Impact Mapping exists to make that shortlist visible. The wall shows the goal on the left and the work on the right, with the logic connecting them drawn explicitly in between. Work that can’t find a place on the wall can still be reasonable. It just doesn’t belong in this quarter.

Reach for it when:

  • You’re starting a quarter, an initiative, or a new product line and need to decide what to build
  • The team has a list of features but no shared story about how they connect to business outcomes
  • Stakeholders are requesting features and nobody is asking why
  • You need to say no to work and you want a defensible reason
  • The organisation is measuring an outcome and the team doesn’t know how their work connects to it

What It’s Not For

Skip it when:

  • You already have a clear, shared understanding of the connection between goal and work
  • You’re planning at the sprint level — Impact Mapping is strategic; sprint planning is tactical
  • Nobody in the room can articulate a measurable business goal — solve that first, separately
  • The goal is imposed from above without buy-in — a mapping session with a fake goal is worse than no session

Stop a session that’s already started if:

  • The goal can’t survive five minutes of scrutiny
  • Every impact the team writes is a feature in disguise
  • Key stakeholders aren’t in the room and the map depends on their actors
  • The disagreement about the goal is political — mapping through a fake goal produces a map nobody will use

Stopping and fixing the goal is not failure. Running a session that produces an elegant map of the wrong thing is.

Inputs

  • One measurable, time-bound business goal, written on a card before the session starts. “Increase weekly active subscribers from 200 to 500 by end of Q3.” Nothing else. If the goal isn’t concrete enough to fit on a card, the session isn’t ready to run.
  • Sticky notes in four colours: green (goal), yellow (actors), orange (impacts), blue (deliverables). A wall wide enough that all four columns can grow left-to-right without crowding.
  • A 90-minute slot with the right people in the room (see Who’s Needed) and no interruptions.

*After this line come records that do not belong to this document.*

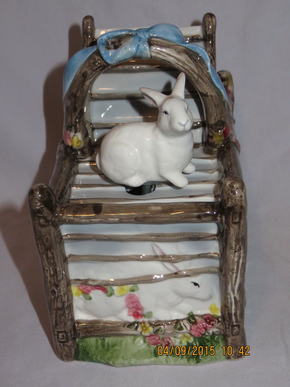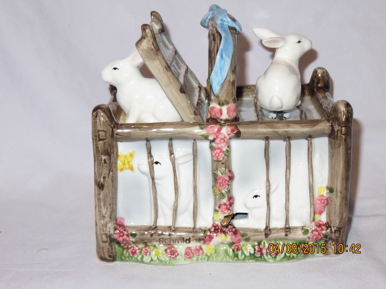 Rabbit on top rotates with music. |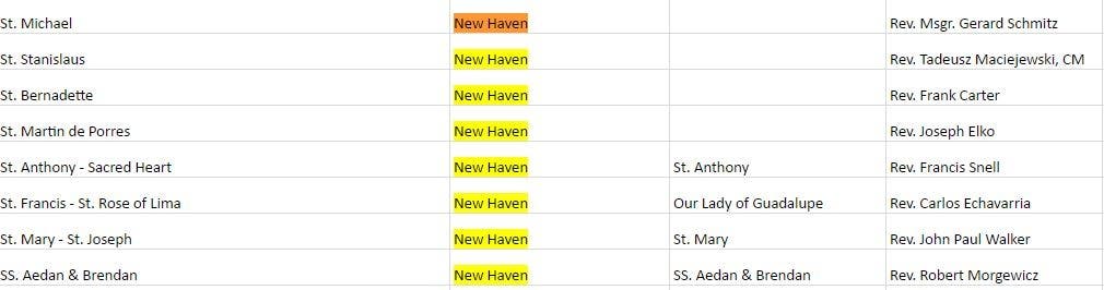 In New Haven there will be a number of mergers. St. Mary and St. Joseph will merge into St. Mary. St. Francis and St. Rose of Lima will merge and become Our Lady of Guadalupe. St. Anthony and Sacred Heart will become just St. Anthony. SS Aedan & Brendan already merged at the beginning of the year.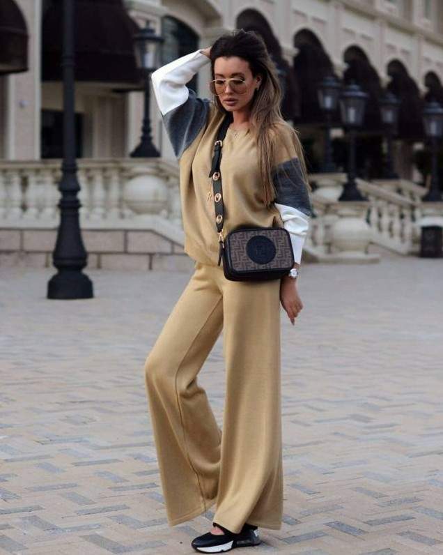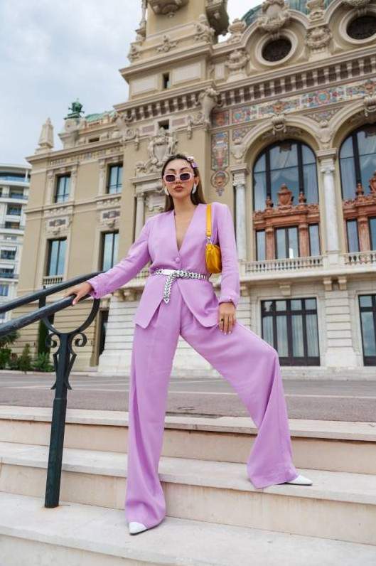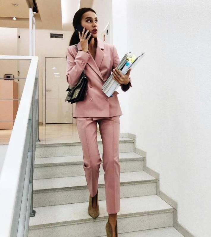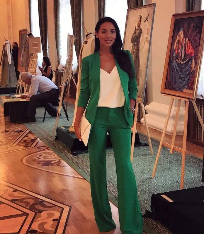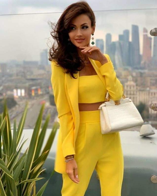 Виктория Лопырева в брючном костюмчике.

If the goal itself is unclear or the business model isn’t coherent, run Business Model Canvas first — the Canvas sets the strategy that Impact Mapping then executes against. If the team doesn’t yet know what the system does, Event Storming comes first to surface that.

Outputs

What lands on the wall at the end:

  • A four-column map — goal on the left, actors next, impacts next, deliverables on the right — with lines connecting each note to the column behind it.
  • A prioritised path: one actor, one impact, the smallest deliverable that might cause the impact, with a target metric, a target change, and a date written on the deliverable card. The deliverable is now a bet: a hypothesis that this work will move that number by that much by that date. If the metric doesn’t move, you walk back up the map.
  • A “not this quarter” list: every deliverable that didn’t make the priority path. Just as valuable as the priority list, because it’s the work the team has explicitly agreed not to do yet.
  • A defensible answer to “why are we building this” for every item on the priority path, traceable back to the goal through an actor and an impact.

Photograph the wall in panorama (good lighting, readable notes) plus one close-up shot per column. Mark the chosen path on the map — dot stickers, a pen line, a photograph with it circled.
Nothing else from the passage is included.